I just passed the gas pump and it was $3.15 per gallon at a 76 station in Malibu. It sort of took my breath away. It seems like years since I saw those kinds of numbers. I wondered how the markets were going to adapt to this new reality. If there is one thing that capitalism is good at, it’s at accepting the new low and trying to figure out how to game it. It wasn’t long before lots of new realities emerged.
All this was no surprise because The Wall Street Journal was writing about the drops in the price of crude oil from $110 a barrel not too long ago to a miserly $62 per barrel last week. What does this all change?

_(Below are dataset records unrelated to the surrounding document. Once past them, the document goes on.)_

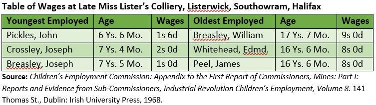 For those of you who watched the BBC TV series ‘Gentleman Jack’ there is evidence from children working at the Rawson-owned Swan Bank and Bank Bottom collieries, as well as ones employed at the late Miss Anne Lister’s Listerwick Pit [4]. There are also details about the ages and wages of some hurriers at Listerwick.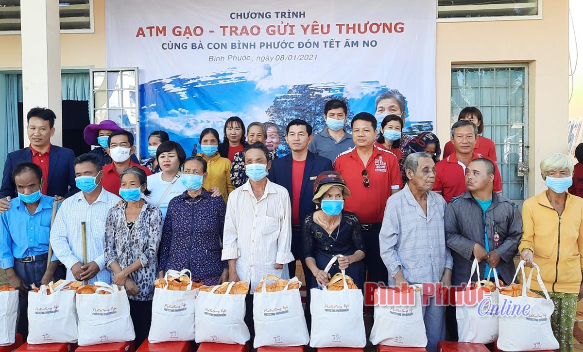 Chương trình “ATM gạo - Trao gửi yêu thương” cũng sẽ diễn ra tại hai huyện Lộc Ninh và Bù Đăng vào ngày 12-1. Dự kiến mỗi địa phương sẽ cấp phát miễn phí 5 tấn gạo cho hộ nghèo, hộ cận nghèo và các đối tượng yếu thế trong xã hội.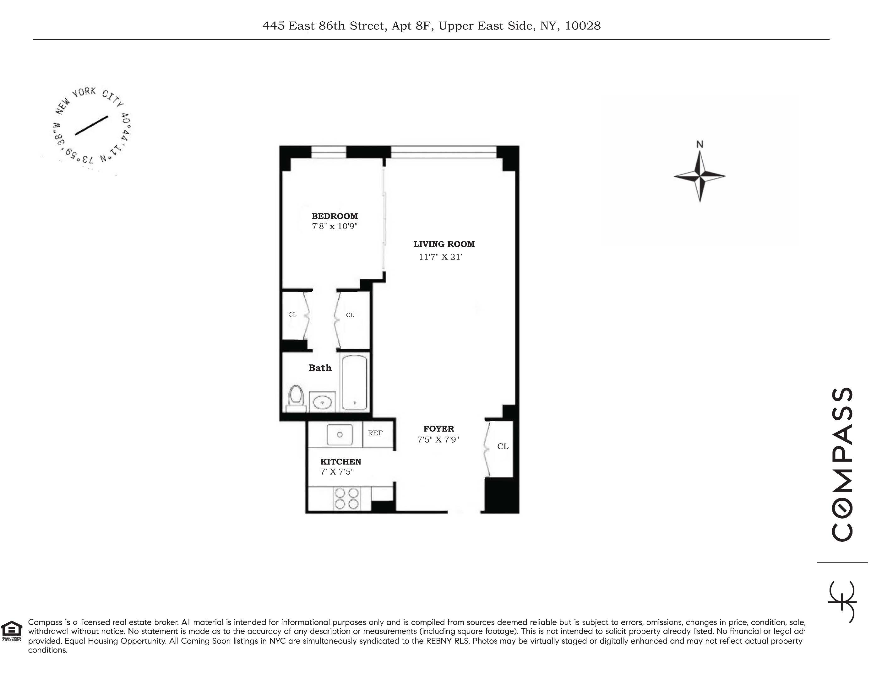 Discover this charming and spacious junior 1-bedroom apartment (approx. 600 sq ft) nestled in the vibrant Upper East Side at 445 East 86th Street, between First and York. Apartment #8F offers an oversized foyer with two large closets, leading you into a bright and airy living area adorned with north-facing windows that flood the space with natural light and open views. The layout is perfect for entertaining, with ample room for seating, dining, and even a home office! The kitchen is a blank canvas, ready for your personal touch, while the cleverly designed sliding doors transforms the space into a cozy one bedroom that comfortably fits a queen-sized bed, complete with abundant closet space and a dressing area.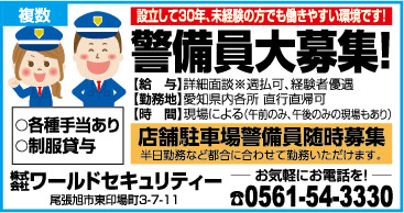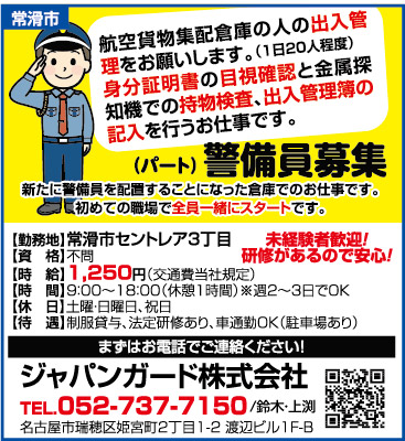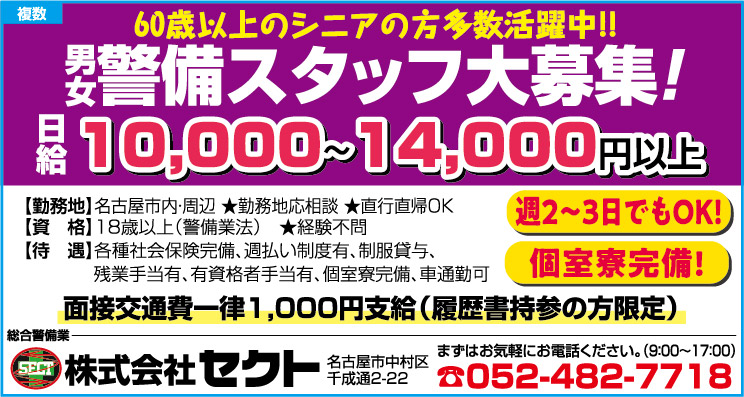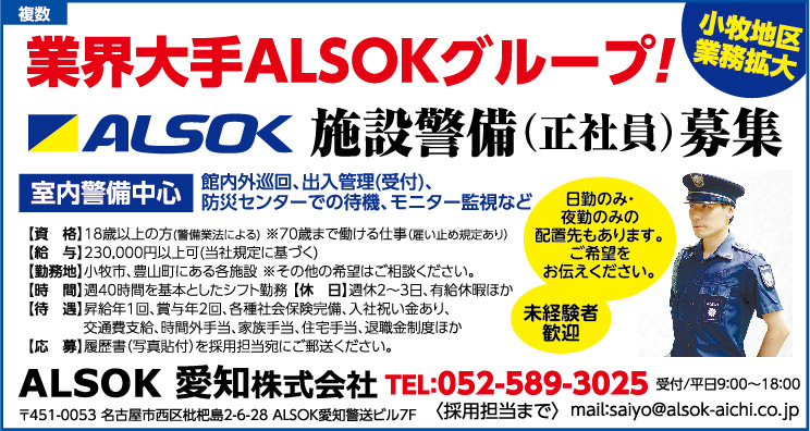 〒451-0053 名古屋市西区枇杷島2-6-28 ALSOK愛知警送ビル7F TEL:052-589-3025 採用担当 メール:saiyo@alsok-aichi.co.jp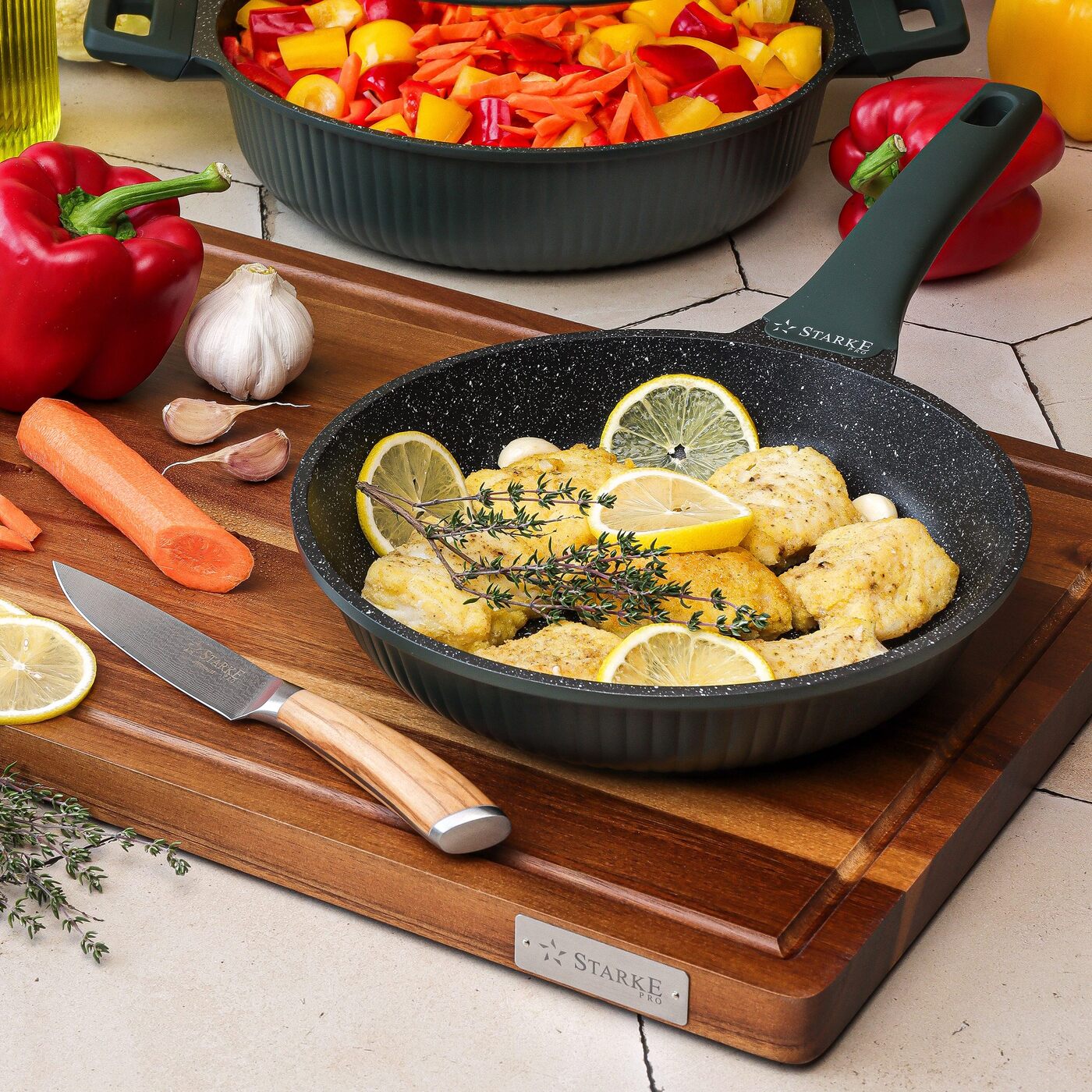Możliwość świetnej ochrony składników przed przywieraniem i przypaleniem uzyskano bez dodatku PFOA. Na patelni Starke Pro Eridan 28 cm możesz smażyć na małej ilości tłuszczu. Zrobione w ten sposób dania będą lekkostrawne, a więc zdrowsze dla twoich bliskich. Właściwości non-stick ułatwią ci również pielęgnację naczynia - bez wysiłku umyjesz ją nawet z zaschniętych resztek.

Apparently just about everything.
-At that price, the average American consumer just got a bonus check for several hundred dollars.
-Retailers were once again licking their chops in anticipation of all this extra spending.
-However, the stock market dropped 300 points, from which I can only conclude that the stock market is much more concerned with the big players — or they are just running around in circles shouting the sky is falling.
-The Keystone pipeline bringing oil from Canada into the southern U.S. ports, the flashpoint between environmentalists and the capitalists, the litmus test of Obama’s guts, suddenly has become a “So what?”
-It may mean that the U.S. and Saudi Arabia, normally the closest of oil buddies, are now eyeing each other warily.
-Demand is slumping and a practically recessionary European Union, a Japan whose recovery was just getting hot is now suddenly getting kind of cool, and China, the master of the universe for the last few years, is seeing a definite slow down.
-So good, the old U.S.A. is once again looking like the 800-pound gorilla, so much so that even Republicans and the Congress will have to admit that Obama’s skillful handling of the economy brought us back to the top of the heap. Right?
-Oil producers Venezuela, Nigeria and Russia are suddenly in deep you-know-what. It was reported that Russia had an 8 percent inflation rate. It’s only a matter of time before we get back to the friendly glad-handing Putin who disappeared for a while.
Then there is some of the bad stuff.
-Some of those Arab countries keeping their people happy with oil dollars will begin to implode. I’ve heard talk that once crude prices drop below $80 per barrel they lose money on every barrel they pump, and the best part is that they can’t stop pumping without starting a revolution in their countries. So look for a few of them to be cleaning out their bank accounts or more likely coming to us with their hands out.
-Of course, I suspect some of our armaments industry-makers that sell those expensive war toys to all those countries are going to be somewhat hesitant to sell a lot on credit, so they’ll be back trying to raid the U.S. Treasury to pay for all those goodies.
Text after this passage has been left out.